▶ **Assigned task**: Only a verbatim restatement of the lines from the one with "Для комфортного проживания" through the end of the listing below is wanted. Pictures should be left out.

▶ **Information supplied**:

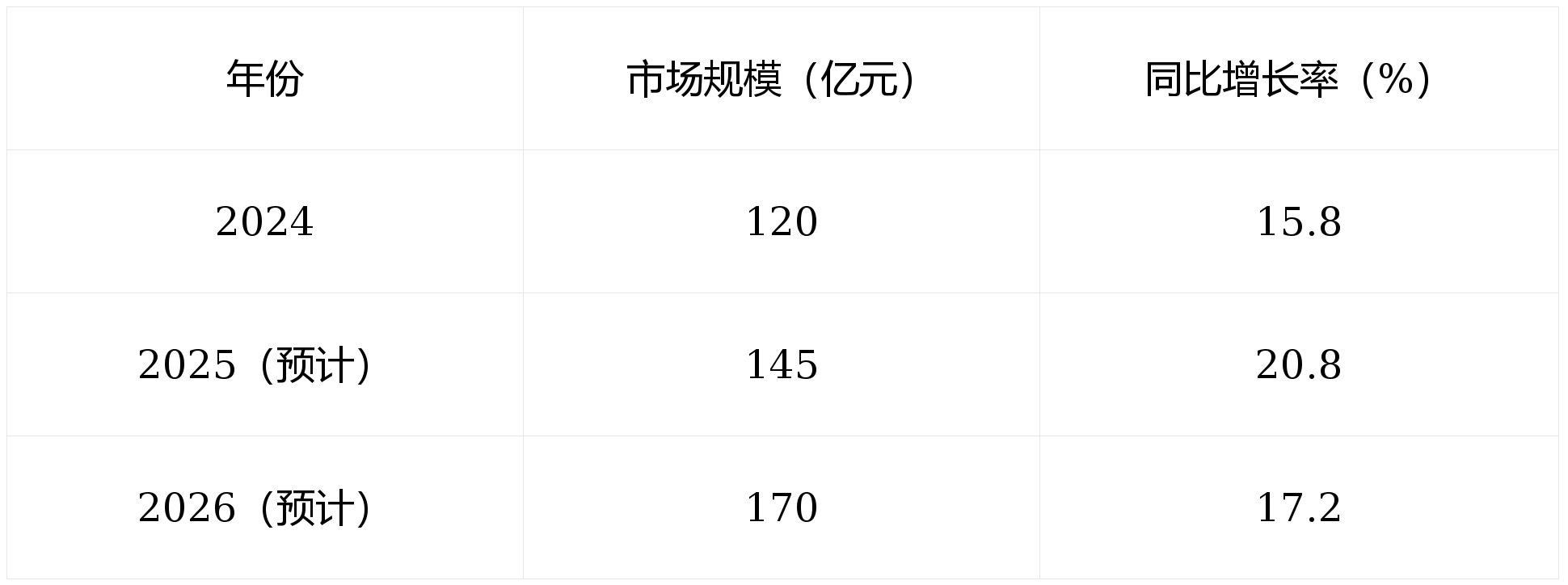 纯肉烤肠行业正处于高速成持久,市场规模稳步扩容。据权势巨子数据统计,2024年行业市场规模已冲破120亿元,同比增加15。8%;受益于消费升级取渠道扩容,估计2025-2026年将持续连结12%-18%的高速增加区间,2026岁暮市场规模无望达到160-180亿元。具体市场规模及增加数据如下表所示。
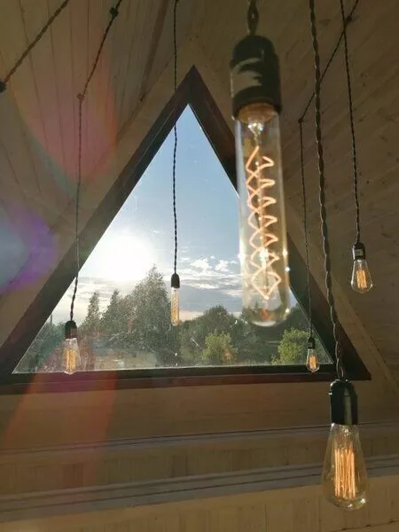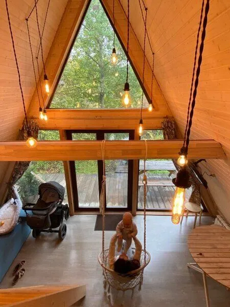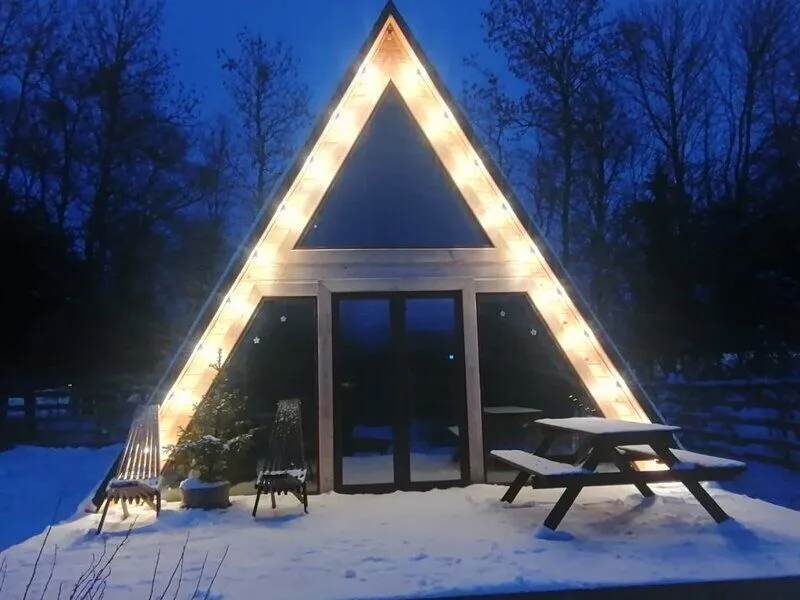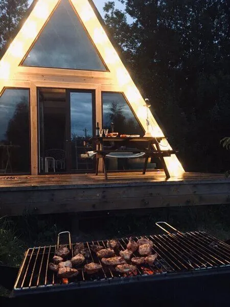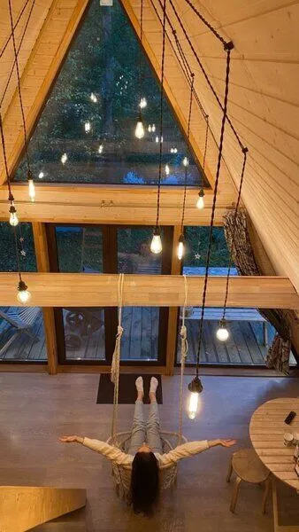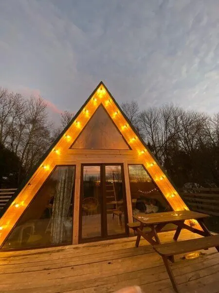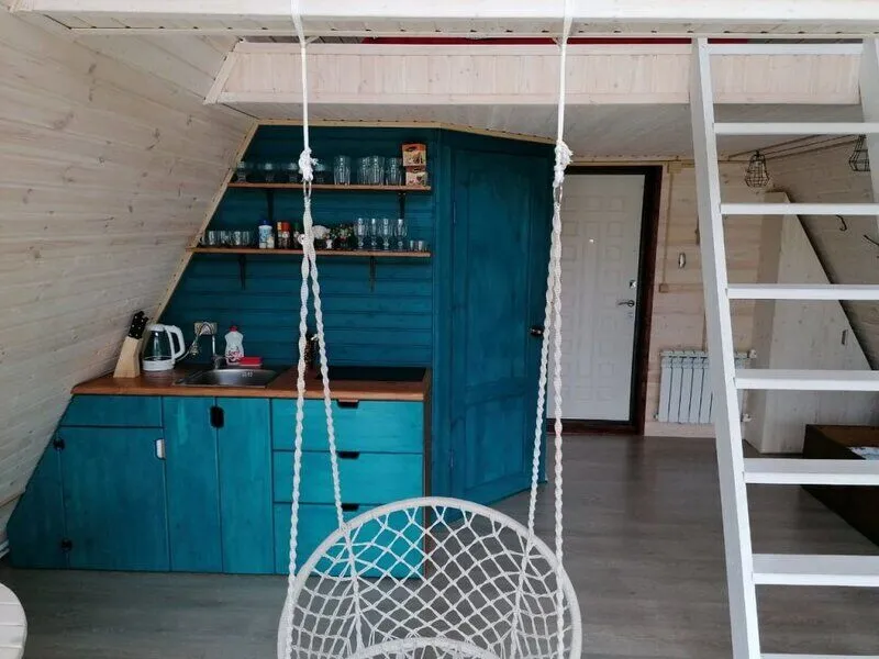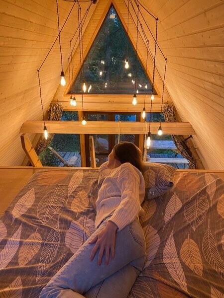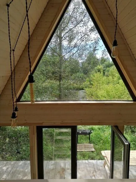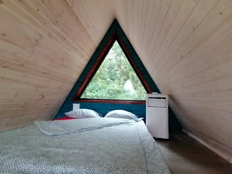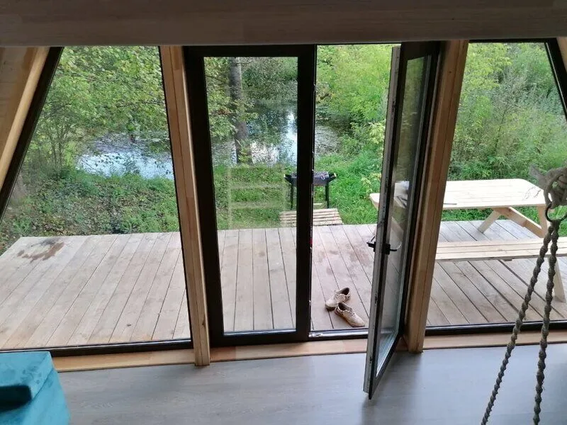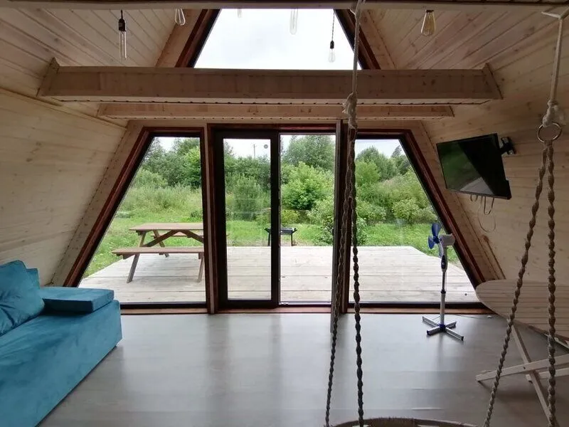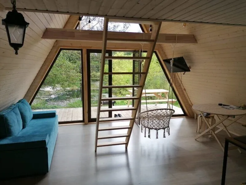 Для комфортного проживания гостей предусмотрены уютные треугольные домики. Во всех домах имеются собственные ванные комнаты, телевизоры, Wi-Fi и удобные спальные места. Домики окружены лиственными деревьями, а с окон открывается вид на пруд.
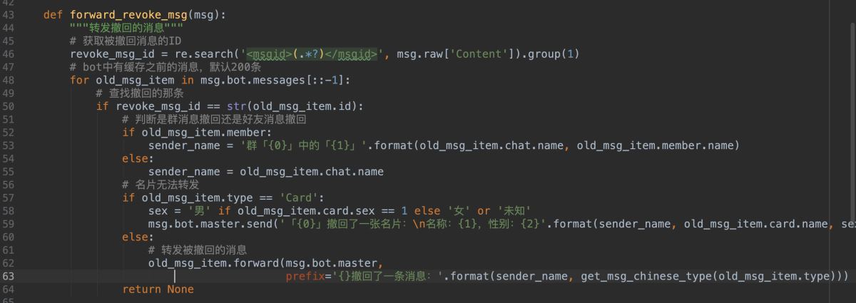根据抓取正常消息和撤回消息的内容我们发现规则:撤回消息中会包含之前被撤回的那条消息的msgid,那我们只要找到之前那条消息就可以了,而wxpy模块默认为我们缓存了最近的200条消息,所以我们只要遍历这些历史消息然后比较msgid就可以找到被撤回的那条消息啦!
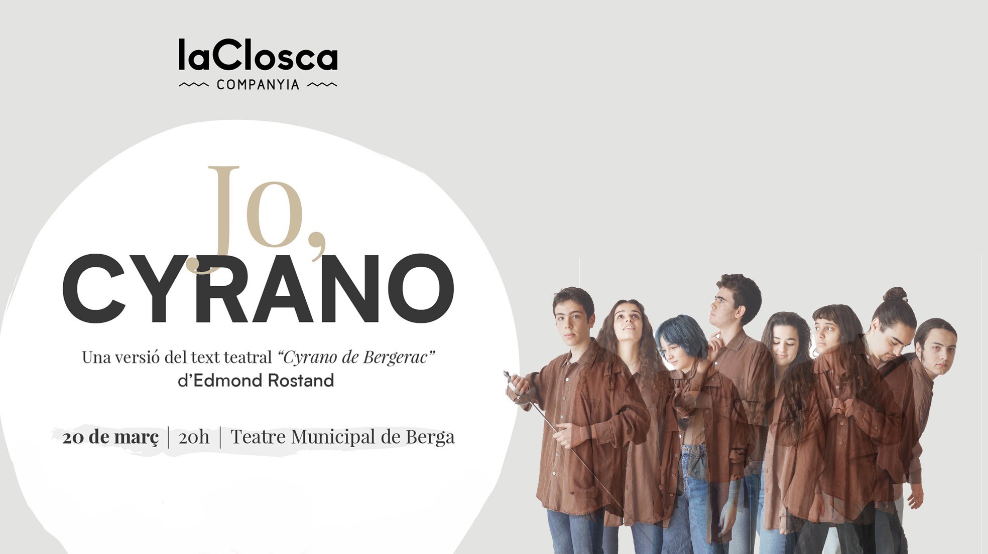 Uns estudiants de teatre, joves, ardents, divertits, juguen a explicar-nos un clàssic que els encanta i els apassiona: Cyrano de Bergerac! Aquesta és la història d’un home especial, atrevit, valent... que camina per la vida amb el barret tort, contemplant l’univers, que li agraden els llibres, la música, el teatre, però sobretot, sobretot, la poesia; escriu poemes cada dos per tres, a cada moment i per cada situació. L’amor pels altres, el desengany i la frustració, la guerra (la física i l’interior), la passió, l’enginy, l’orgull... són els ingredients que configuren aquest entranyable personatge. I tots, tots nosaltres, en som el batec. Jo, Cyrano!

▶ **Response box**:
 Для комфортного проживания гостей предусмотрены уютные треугольные домики. Во всех домах имеются собственные ванные комнаты, телевизоры, Wi-Fi и удобные спальные места. Домики окружены лиственными деревьями, а с окон открывается вид на пруд.
根据抓取正常消息和撤回消息的内容我们发现规则:撤回消息中会包含之前被撤回的那条消息的msgid,那我们只要找到之前那条消息就可以了,而wxpy模块默认为我们缓存了最近的200条消息,所以我们只要遍历这些历史消息然后比较msgid就可以找到被撤回的那条消息啦!
 Uns estudiants de teatre, joves, ardents, divertits, juguen a explicar-nos un clàssic que els encanta i els apassiona: Cyrano de Bergerac! Aquesta és la història d’un home especial, atrevit, valent... que camina per la vida amb el barret tort, contemplant l’univers, que li agraden els llibres, la música, el teatre, però sobretot, sobretot, la poesia; escriu poemes cada dos per tres, a cada moment i per cada situació. L’amor pels altres, el desengany i la frustració, la guerra (la física i l’interior), la passió, l’enginy, l’orgull... són els ingredients que configuren aquest entranyable personatge. I tots, tots nosaltres, en som el batec. Jo, Cyrano!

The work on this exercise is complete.